Las dos últimas, las que la guiaban, abrieron una puerta y luego la empujaron suavemente hacia el pasillo. Cerraron la puerta, dejándola sola.
Allí reinaba un negro absoluto. Casi se había olvidado de lo oscuras que eran las paredes de piedra del palacio. El pasillo estaba vacío, a excepción de Dedos Azules, que la esperaba libro en mano. Sonrió, inclinando la cabeza con respeto.
—El rey-dios se sentirá satisfecho, Receptáculo. Vamos exactamente según lo previsto: el sol acaba de ponerse.

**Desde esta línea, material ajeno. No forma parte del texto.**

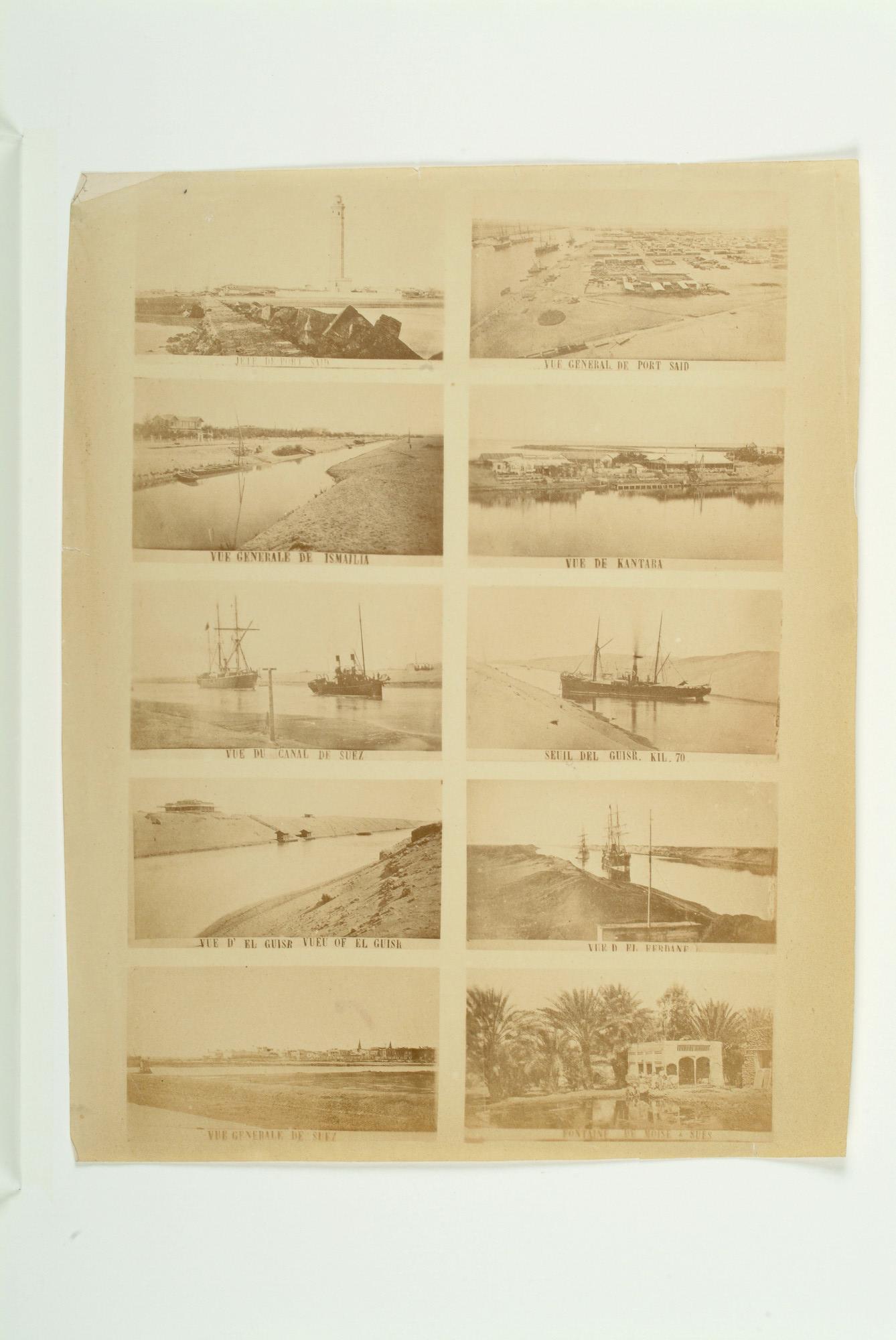 Fotocollage van het traject van het Suezkanaal en omgeving tussen Port Said en Suez, rond 1875.

Siri se volvió. Frente a ella había una puerta grande e imponente, recubierta por completo de oro. Cuatro lámparas en la pared brillaban sin cristal de colores, reflejando la luz del portal dorado. No tuvo ninguna duda de quién había más allá de tan impresionante entrada.
—El dormitorio del rey-dios —dijo Dedos Azules—. O, más bien, uno de sus dormitorios. Ahora, mi señora, debes volver a prestarme atención. No hagas nada que ofenda al rey. Estás aquí por su voluntad y para atender sus necesidades. No las mías ni las tuyas, ni siquiera las de nuestro reino.
—Comprendo —dijo ella en voz baja, el corazón latiéndole cada vez más rápido.
—Gracias. Es hora de presentarte. Entra en la habitación, quítate el vestido y la ropa interior. Inclínate en el suelo ante la cama del rey, tocando el suelo con la cabeza. Cuando él desee que te acerques, golpeará el poste de la cama, y podrás alzar la cabeza. Entonces te indicará que avances.
Ella asintió.
—Intenta no tocarlo demasiado.
Siri frunció el ceño, abriendo y cerrando los puños, nerviosa.
—¿Cómo voy a conseguir eso exactamente? Vamos a tener sexo, ¿no?
Dedos Azules se ruborizó.
—Sí, supongo que sí. Esto también es nuevo para mí, mi señora. El rey-dios… bueno, sólo un grupo de sirvientes especialmente dedicados puede tocarlo. Mi sugerencia sería evitar besarlo, acariciarlo, o hacer cualquier otra cosa que pudiera ofenderlo. Simplemente permítele hacer contigo lo que desee, y deberías estar a salvo.
Siri inspiró profundamente, y asintió.
—Cuando terminéis, el rey se retirará. Entonces recoge la ropa de cama y quémala en la chimenea. Como Receptáculo, eres la única a la que se permite hacer esas cosas. ¿Comprendes?
—Sí —dijo Siri, cada vez más ansiosa.
—Muy bien, pues —contestó Dedos Azules, casi tan nervioso como ella—. Buena suerte.
Tras estas palabras, extendió la mano y abrió la puerta.
«Oh, Austre, Dios de los Colores», pensó ella, el corazón redoblando, las manos sudorosas, aturdida.
Dedos Azules la empujó suavemente por la espalda y Siri entró en la habitación.